On Sunday, the Rev. George C. Gilbert Sr. won’t have to go far to see proof of his influence as a father. He can stand in the pulpit of Holy Trinity United Baptist Church and look over his shoulder at his son seated at the organ and his grandson playing the drums.

For most of a nearly three-decade-old ministry, the church in Northeast Washington has been led by a father-son duo with deep booming voices and a fierce family pride.

“When I see my son and grandson working with me for the kingdom at the same place, it makes me very happy and very grateful,” said Gilbert Sr., 66.

Although he moved with his parents to the District in 1961, Gilbert Sr. said, he never forgot the lessons he learned on the family farm in Gretna, Va., lessons he tried to pass on to his son.

The family worked hard during the week but always made it to church on Sundays. Gilbert Sr.’s father, George K. Gilbert, gave up farming but remained an active church member when the family moved to the District. He went to work as a truck driver, but he also served on the deacon board at church.

George C. Gilbert Sr. played football at Anacostia High School and received a degree in business administration from Norfolk State before answering what he says was a call to preach at 26.

“It was series of things that kept nagging me,” he said. “My brother had been killed, I was singing in the male chorus. But then I preached my trial sermon in 1974, the same year my son was born.”

Gilbert Sr. received a master’s degree from the Howard University School of Divinity before becoming pastor of Carolina Missionary Baptist Church, now in Fort Washington, and then launching Holy Trinity United Baptist Church.

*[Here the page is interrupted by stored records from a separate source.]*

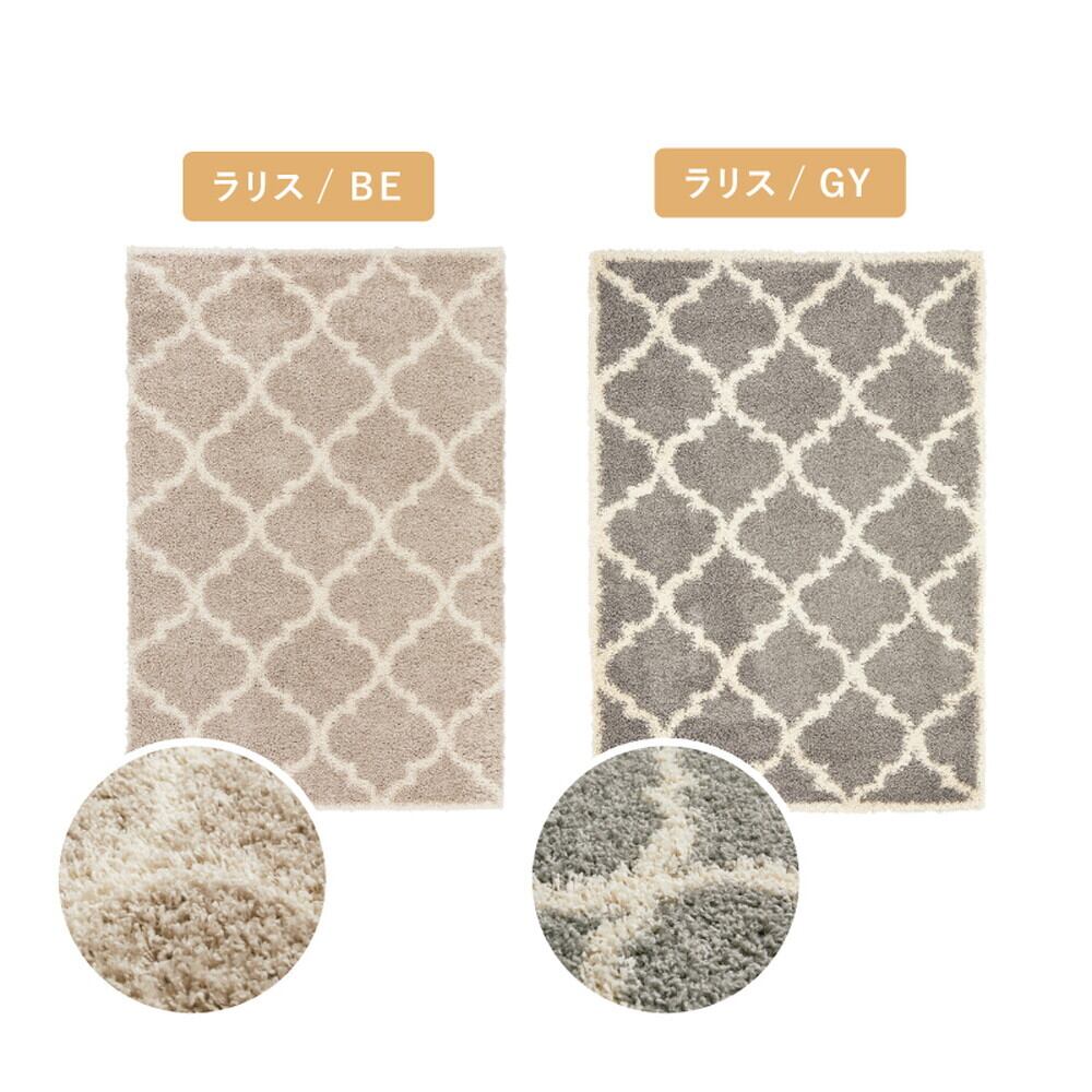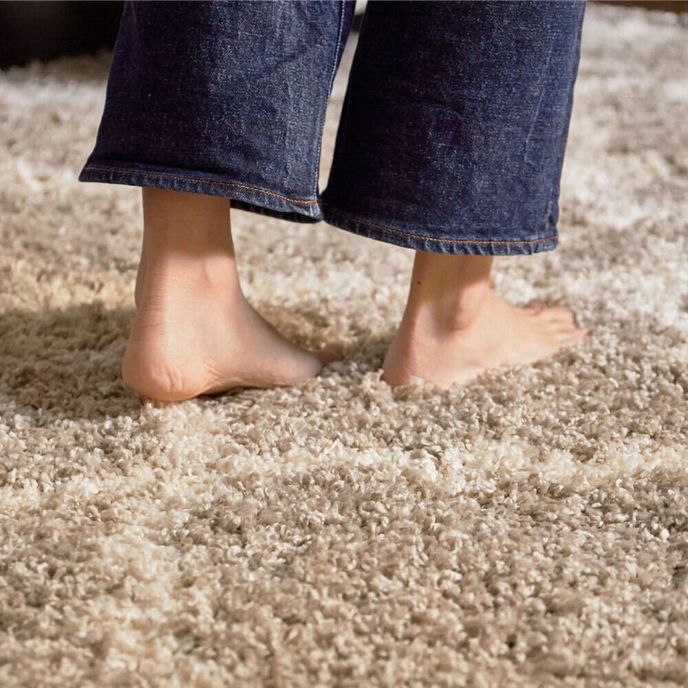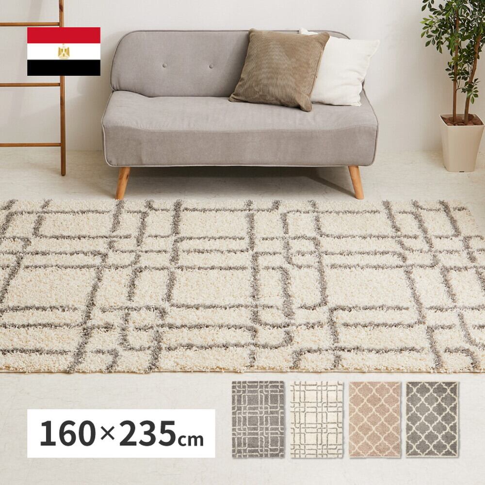 エジプト製のウィルトン織シャギーラグ。おしゃれなモダン柄とナチュラルなカラーでどんなインテリアにも合わせやすいデザインです。毛足が長くボリュームがあり、おもわず寝転びたくなるような心地良さの、ふわふわとやわらかな肌触り。また、ウィルトンラグはパイルの密度が高く耐久性に優れ、お気に入りのラグを長く使いたい方にもおすすめです。
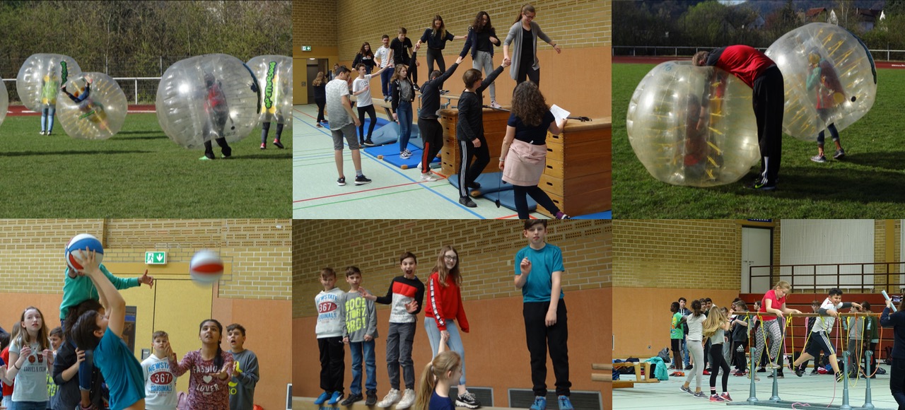 Einer der Höhepunkte war sicherlich die Station „Big-Ball“, bei der die Schüler in großen Luftbällen steckend, Fußball spielen durften. Hier landete der eine oder andere wie ein Käfer auf dem Rücken und es machte einfach nur Spaß.
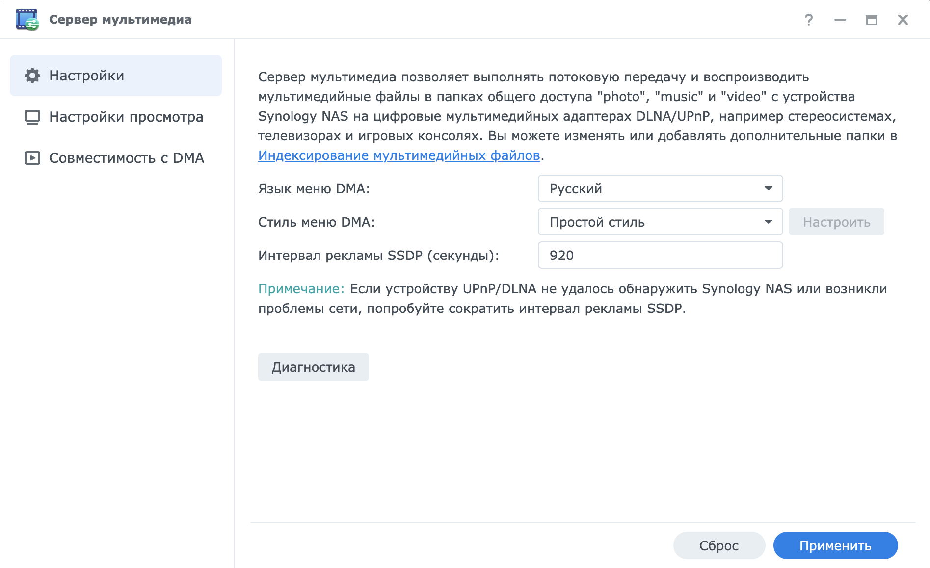 Сервер Мультимедиа предоставляет возможность просмотра мультимедийного содержимого Synology NAS на домашних устройств DLNA/UPnP.
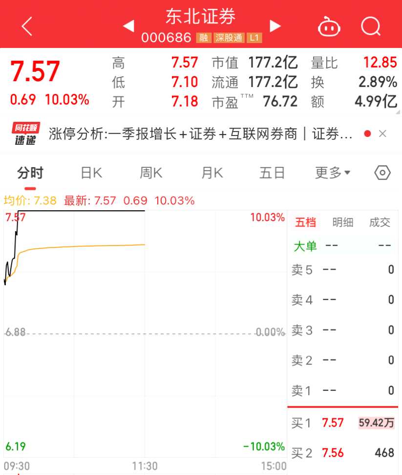 近期多家券商發(fā)布一季度業(yè)績(jī)預(yù)告和業(yè)績(jī)快報(bào),業(yè)績(jī)表現(xiàn)亮眼。周末東北證券又發(fā)布喜人的業(yè)績(jī)快報(bào),今天開盤后東北證券快速?zèng)_漲停。
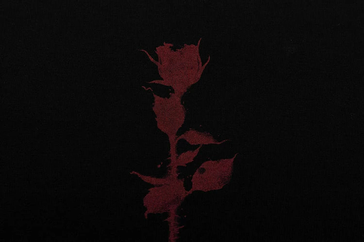 Bramble Roses T-Shirt with U-shaped thin collar and Inverted rose print and cut-out sleeve.
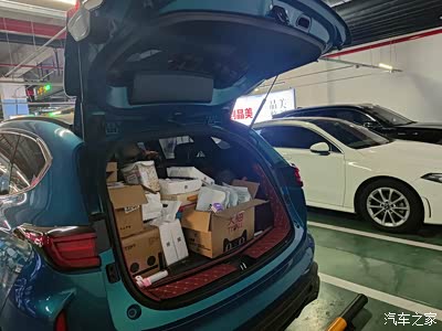 我自己的物品都不大,放在了前排。后备箱里都是给我家猫咪买的东西猫砂,猫粮,猫冻干,化毛膏。装满了整个后备箱。
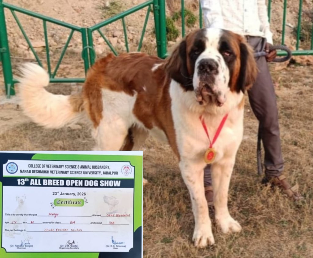 कटनी। जबलपुर के गवर्नमेंट हॉस्पिटल के पीछे सिविल लाइन ग्राउंड में 13वां ऑल ब्रीड ओपन डॉग शो का आयोजन किया गया। इस शो में प्रदेश भर से 134 कुत्तों ने भाग लिया और अपने प्रदर्शन से दर्शकों को आकर्षित किया। शो में उत्कृष्ट प्रदर्शन करने पर कॉलेज ऑफ वेटरिनरी साइंस एंड एनिमल हस्बैंड्री, नानाजी देशमुख वेटरिनरी साइंस यूनिवर्सिटी, जबलपुर द्वारा कटनी के सामाजिक कार्यकर्ता और डॉग लवर शुभ प्रकाश मिश्र के डॉगी मैंगो को सम्मानित किया गया। मैंगो की जिंस सेंट बर्नार्ड है और उसे प्रथम स्थान प्राप्त करने पर Best of Breed (BOB) का प्रमाणपत्र जारी किया गया है।
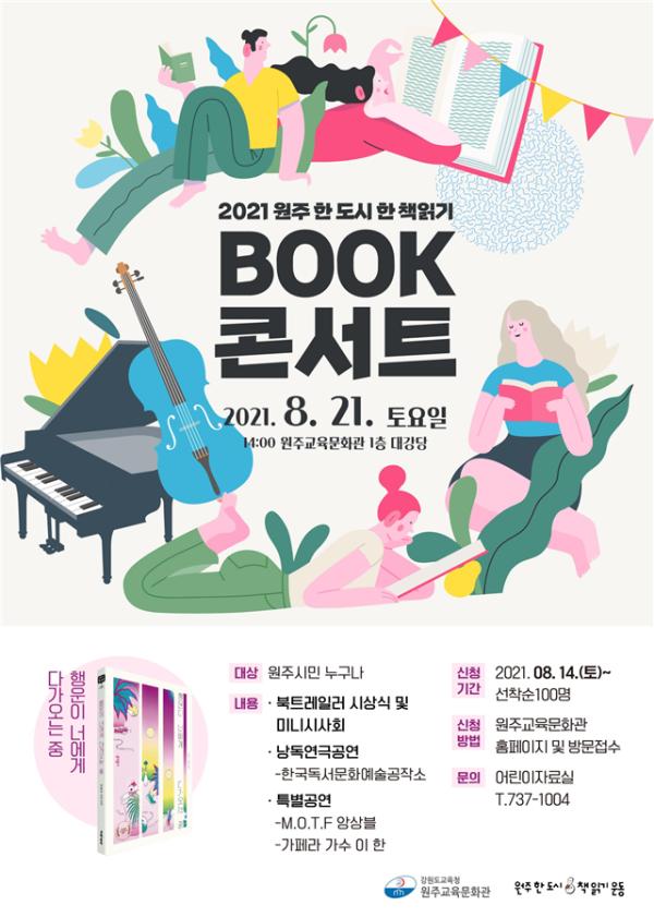 원주교육문화관은 21일 오후 2시, 교육문화관 1층 대강당에서 지역주민 100명을 대상으로 ‘원주 한 도시 한 책 읽기’ 북 콘서트를 개최한다.
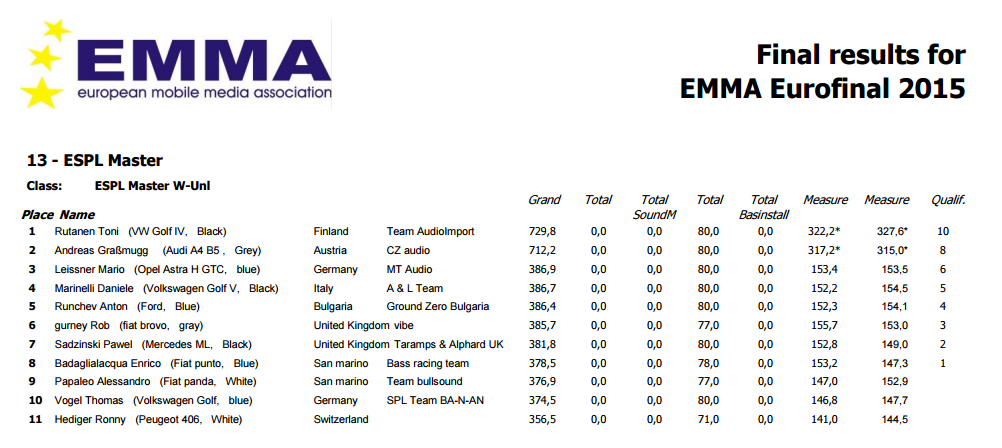 На Еврофинале были Финалы во второй день. По две лучших машины из классов по результатам первого дня (замеры). Это нормальная практика для Евро Те резы которые со звёздочками - это финалисты. 300+ это сумма замеров за первый день и соответственно за Финал второго дня. Слева открытые двери, справа закрытые. Остальные резы это открытые (слева, на открытых дверях был первый замер) и закрытые (справа, второй замер). Квалификационные очки никак не считаются, просто никому не нужные цифры в программе |
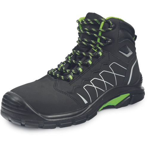 • biztonsági bakancs elősorban kültéri használatra • a fényvisszavető betétek a fokozott láthatóságért • antisztatikus PU/gumi járótalppal rendelkezik, amely kopásálló, üzemanyagálló • a felsőrész lélegző nubuk bőr vízlepergető impregnálással • a kényelmet a speciális belső talpbetétek fokozzák gélbetétekkel a sarok területén • fémmentes kivitel, kompozit lábujjvédővel és átszúrás ellen védő többrétegű textil köztalppal • második pár cipőfűző minden dobozban
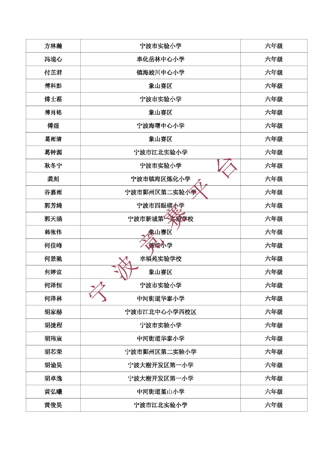 2017年第12届IYMC国少赛六年级晋级名单(2)
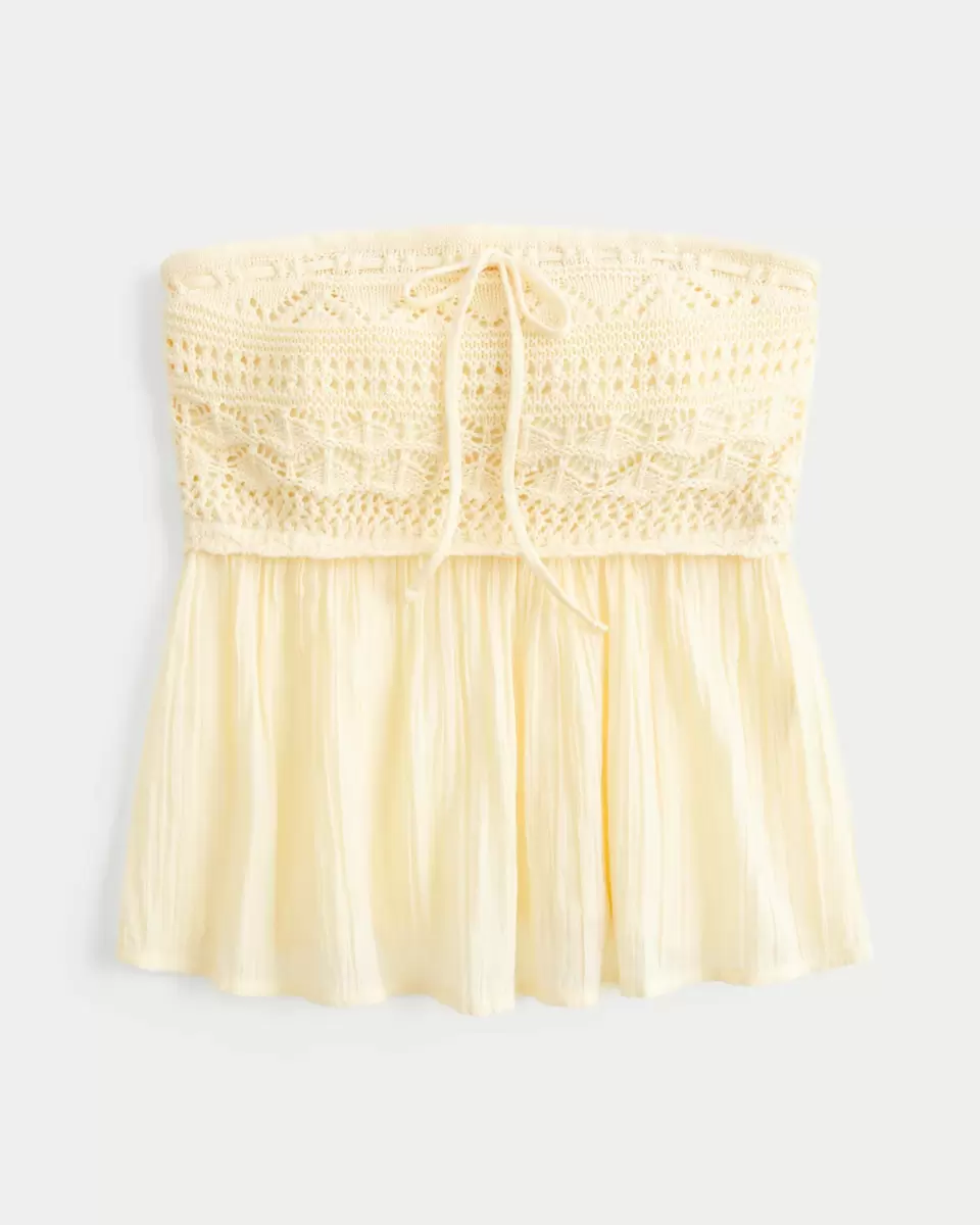 This cute and comfy babydoll top is designed with crochet-style fabric at the top and a soft and flowy voile fabric hem. Pretty interlaced tie at the neckline, strapless. Looks amazing dressed up or down! Easy Fit. Imported.
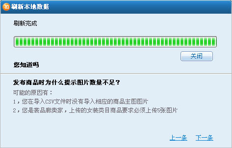 您可点击顶部工具栏的“刷新数据”来与拍拍网同步更新地区信息、商品分类、运费模板、自定义分类信息等数据,此操作与您登录拍拍助理4.1整合版时系统自动同步数据的操作一样
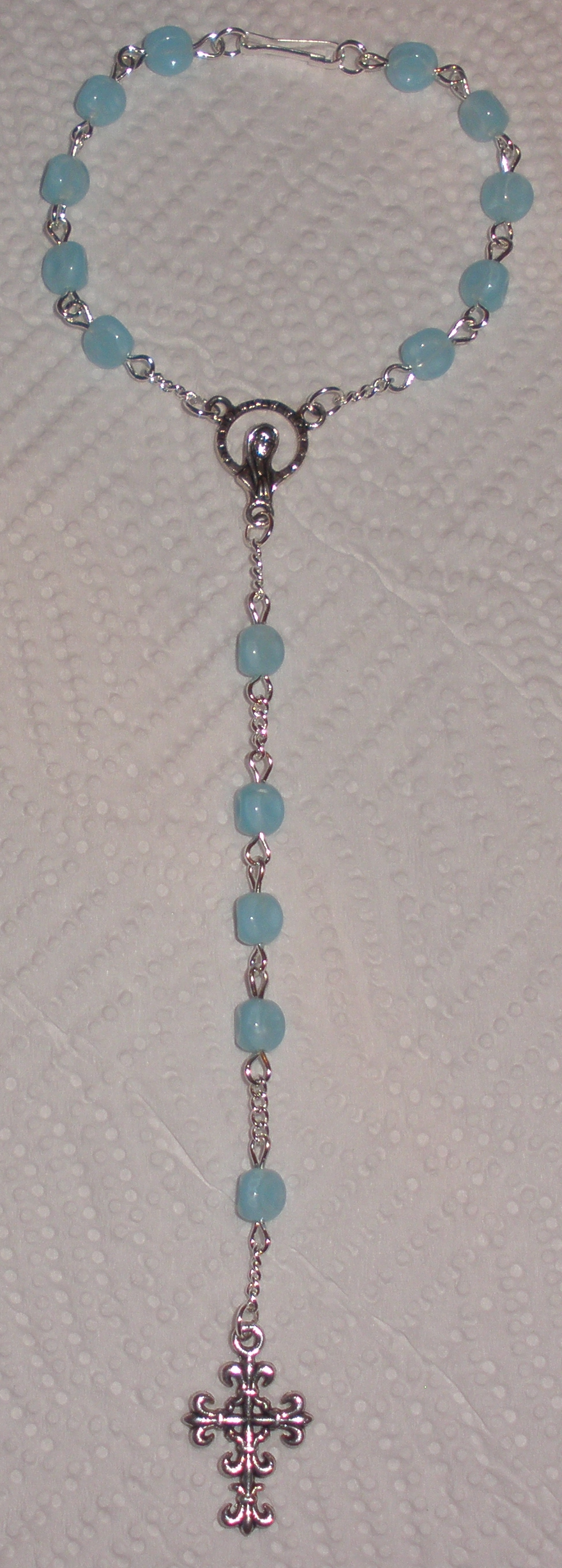 Světle modrý růženec do auta (RůA109)Skladem 1 ks70 Kč/ ks58 Kč bez DPH
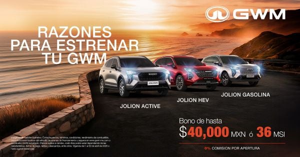 Encuentra todas las razones para estrenar un Haval Jolion en sus versiones HEV, Gasolina o Active. Aprovecha un bono de hasta $40,000 MXN, financiamiento a 36 meses sin intereses y 0% comisión por apertura. Diseño moderno, eficiencia y tecnología para disfrutar cada trayecto.

The Rev. George C. Gilbert Jr., 38, remembers, as a 5-year-old, wanting to emulate his father. “I would sit in the front pews with the deacons and watch my father preach. At a really early age, I took God seriously. “

Although he believed that God was calling him to preach in 1998, his father wasn’t convinced. “He said ‘I am going to wait a whole year and, after this year goes by and you still feel the same way, we will go forward.’”

As Gilbert Jr. talked, the father chimed in.

“I was pretty much old-school,” he said. “ If God has called you and you are not willing to wait, maybe he hasn’t called you. I wanted to see how he handled that period of waiting. If he had really been called, he would come back and tell me.”

Following in his father’s footsteps has not been easy,” Gilbert Jr. said. “It is intimidating when you look at my father’s accomplishments and the lack of fear that he has. There were times that I felt like I couldn’t fill those shoes.”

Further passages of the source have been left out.